─── SOURCE MATERIAL

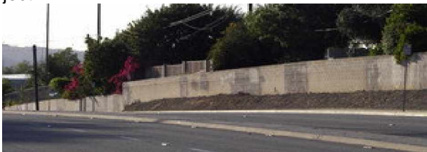
Before: Uneven wall color due to varied graffiti paint-over

Kiwanis One Day has grown from the seeds that were planted a few years back in Cal-Nev-Ha's Total-K Day. Previous events by our club have included tree planting both locally and in our Upper San Gabriel Valley watershed areas. One year we spent several days refurbishing a local home. This year we wanted to keep the project local and something that would be of benefit to the community at large. We went to our LA County Supervisor's office asking what we as a club could do for the community on April 5th for our Kiwanis One Day. Our project was to paint a section of gray-colored concrete block wall along Halliburton. 43 gallons of interior gray paint was given to us along with paint kits (plastic tray, roller, brush & latex gloves) by the LA County for this project.
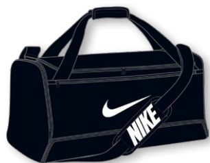
NIKE BRASILIA LARGE DUFFEL 9.5 D09193 Page 59
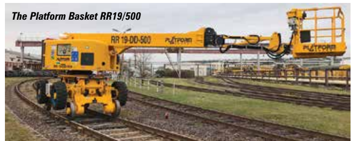
The Platform Basket RR19/500

The new boom features a three section boom with internal hoses and cables, topped by an articulating jib. It is a big brother to the 14 metre RR14/400 with similar features such as Euro V diesel power, auxiliary engine, independent hydrostatic transmission, four wheel drive for both road and rail wheels, four wheel steer, oscillating axles and automatic superstructure levelling to allow work on tracks with up to 200mm of cant. Slew is 360 degrees - 180 degrees either side - with a maximum travel speed of 19kph when stowed.
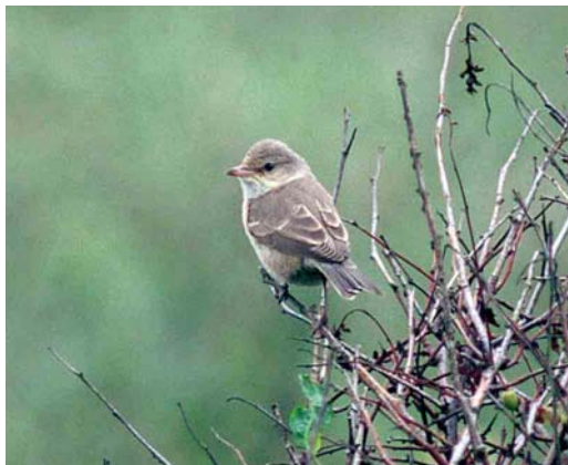
277 Sperwergrasmus / Barred Warbler Sylvia nisoria , eerstejaars, Bleekersvallei, Texel, Noord-Holland, 24 augustus 2002

──────

> _TASK DETAILS_
Reproduce every line of the data above, exactly as it stands, but not the pictures.

> _RESPONSE AREA_
Before: Uneven wall color due to varied graffiti paint-over

Kiwanis One Day has grown from the seeds that were planted a few years back in Cal-Nev-Ha's Total-K Day. Previous events by our club have included tree planting both locally and in our Upper San Gabriel Valley watershed areas. One year we spent several days refurbishing a local home. This year we wanted to keep the project local and something that would be of benefit to the community at large. We went to our LA County Supervisor's office asking what we as a club could do for the community on April 5th for our Kiwanis One Day. Our project was to paint a section of gray-colored concrete block wall along Halliburton. 43 gallons of interior gray paint was given to us along with paint kits (plastic tray, roller, brush & latex gloves) by the LA County for this project.
NIKE BRASILIA LARGE DUFFEL 9.5 D09193 Page 59
The Platform Basket RR19/500

The new boom features a three section boom with internal hoses and cables, topped by an articulating jib. It is a big brother to the 14 metre RR14/400 with similar features such as Euro V diesel power, auxiliary engine, independent hydrostatic transmission, four wheel drive for both road and rail wheels, four wheel steer, oscillating axles and automatic superstructure levelling to allow work on tracks with up to 200mm of cant. Slew is 360 degrees - 180 degrees either side - with a maximum travel speed of 19kph when stowed.
277 Sperwergrasmus / Barred Warbler Sylvia nisoria , eerstejaars, Bleekersvallei, Texel, Noord-Holland, 24 augustus 2002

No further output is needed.